• Task item
Retype every line of the data below, starting with the first and ending with the line that contains "上脚一双纯黑色 adidas Originals", but leave out the pictures.

• Input
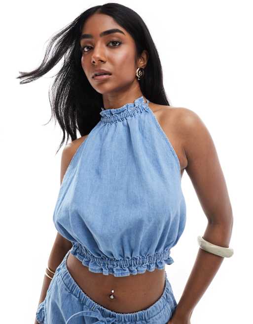 Pull&Bear ruched halterneck denim top in light blue - part of a set
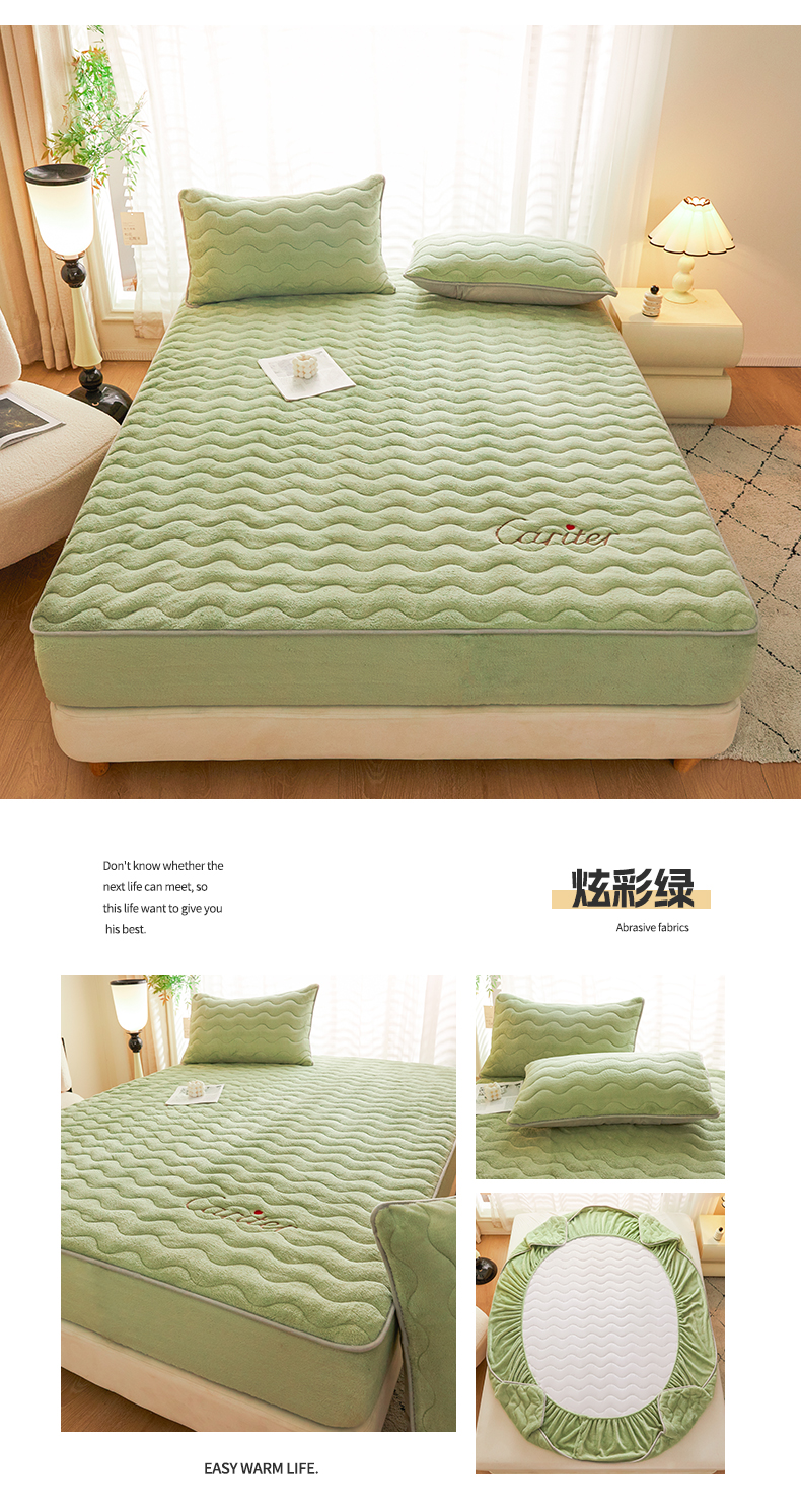 莱米家纺 2024新款北极绒夹棉加厚床笠系列 炫彩绿
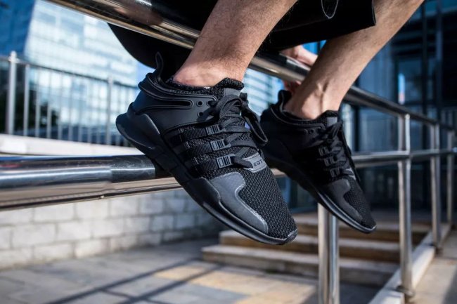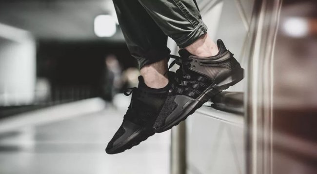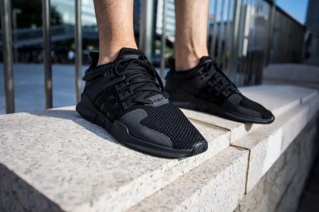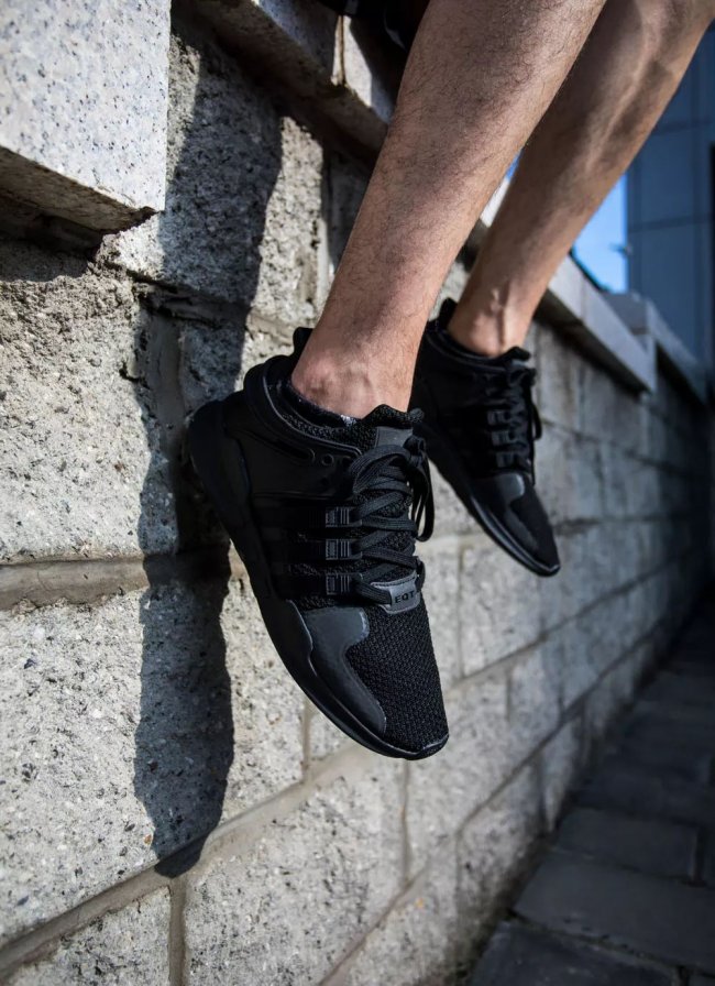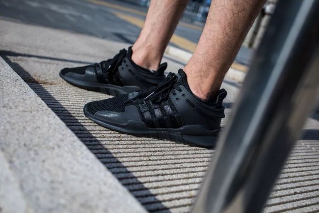 上脚一双纯黑色 adidas Originals EQT Support ADV 鞋款,即便是简约的黑白主题也能轻松穿出帅气高街。
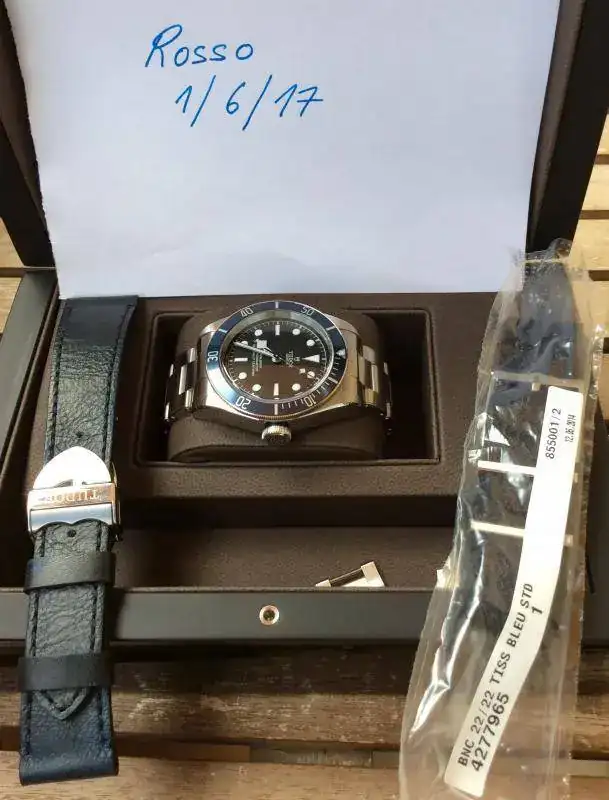 Hola a todos, vendo Tudor Black Bay Manufactura de bisel azul, se acompaña tarjeta de garantía, manuales, cajas, etc... brazalete metálico, nato original y correa de piel original azul envejecida con deployante original (que es un pico), una dotación muy completa para disfrutar esa pieza.
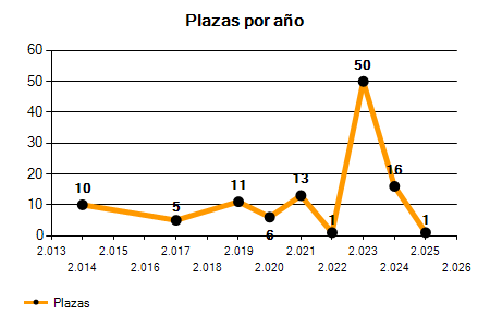 En los siguientes gráficos se puede ver la evolución del número de convocatorias y plazas convocadas por el ayuntamiento de Villanueva de la Serena de los últimos años pudiéndose observar una caída del 75,00% desde el año 2014 hasta el 2025 en número de convocatorias y una caída del 90,00% en número de plazas convocadas.
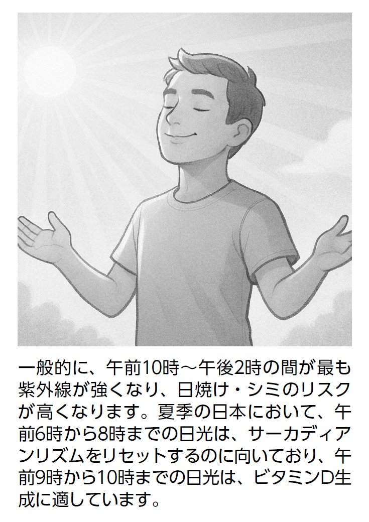 朝に日光(特に青色光を多く含む)を浴びることは、体内時計を「1日24時間」の周期に合わせる役割を果たします。朝、日光を浴びる時間は、15分から30分間程度が望ましいといわれています。朝の日光は、昼の日光に比べて紫外線が少なく、日焼けするリスクは低いのです。
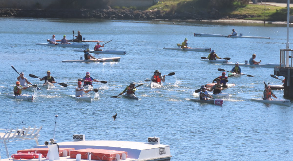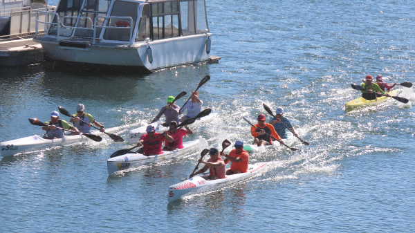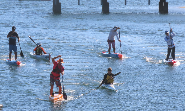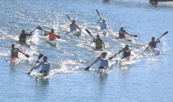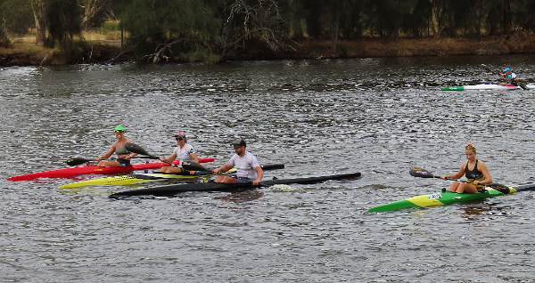 turn up with all the gear and be the compare for the day. To make sure I got a good parking spot I was up at 5.00am for the trip to Mandurah. With all the volunteers knowing what to do the race was away on time starting with the early SUP division going well ahead of the rest.
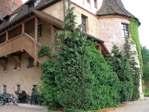 Erster Halt ist am Schloss Wiesenthau, das auch als Hochzeitsschloss gilt, denn im Schlosshotel kann man unter 6 verschiedenen historischen Räumen für die Feierlichkeiten wählen. Besichtigungen finden wohl nur Sonntag statt, und so begnügen wir uns mit der Umrundung und fahren weiter nach Schlaifhausen, wo wir am Ortsrand den Weg zum Parkplatz am Rand des Naturschutzgebietes Ehrenbürg (Walberla) finden.
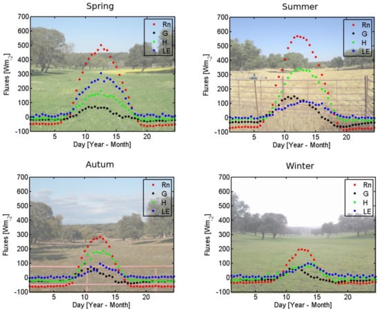 The typical seasonal pattern of flux variation corresponded to that of semiarid Mediterranean areas, with wet-cold and hot-dry periods (Figure 3). In dry periods, H reached maximum value in the middle of the afternoon, while the soil heat flux did so earlier, to reach the minimum after dark. The latent heat increased during the day, but remained low due to the lack of available water in the soil for transpiration or evaporation. In contrast, during wet seasons, LE was higher than H, while G values declined, probably due to the effect of the grass layer, covering the soil and intercepting most incoming radiation. Due to the often lesser importance of the soil heat flux compared to the other components, many studies have simplified the estimated energy balance by discarding this flux on daily scales. However, in savanna type ecosystems, G may represent more than the 20% of the net radiation during summer, similar to or even higher than the latent heat flux, with sensible heat flux reaching values higher than the 45% of Rn. These observations are consistent with the dry summer climatic conditions of the area, during which the water shortage influences strongly the partitioning of available energy between the observed sensible and latent heat fluxes []. During the wet season, the opposite trend is observed.

• Exercise answer
 Pull&Bear ruched halterneck denim top in light blue - part of a set
 莱米家纺 2024新款北极绒夹棉加厚床笠系列 炫彩绿
 上脚一双纯黑色 adidas Originals EQT Support ADV 鞋款,即便是简约的黑白主题也能轻松穿出帅气高街。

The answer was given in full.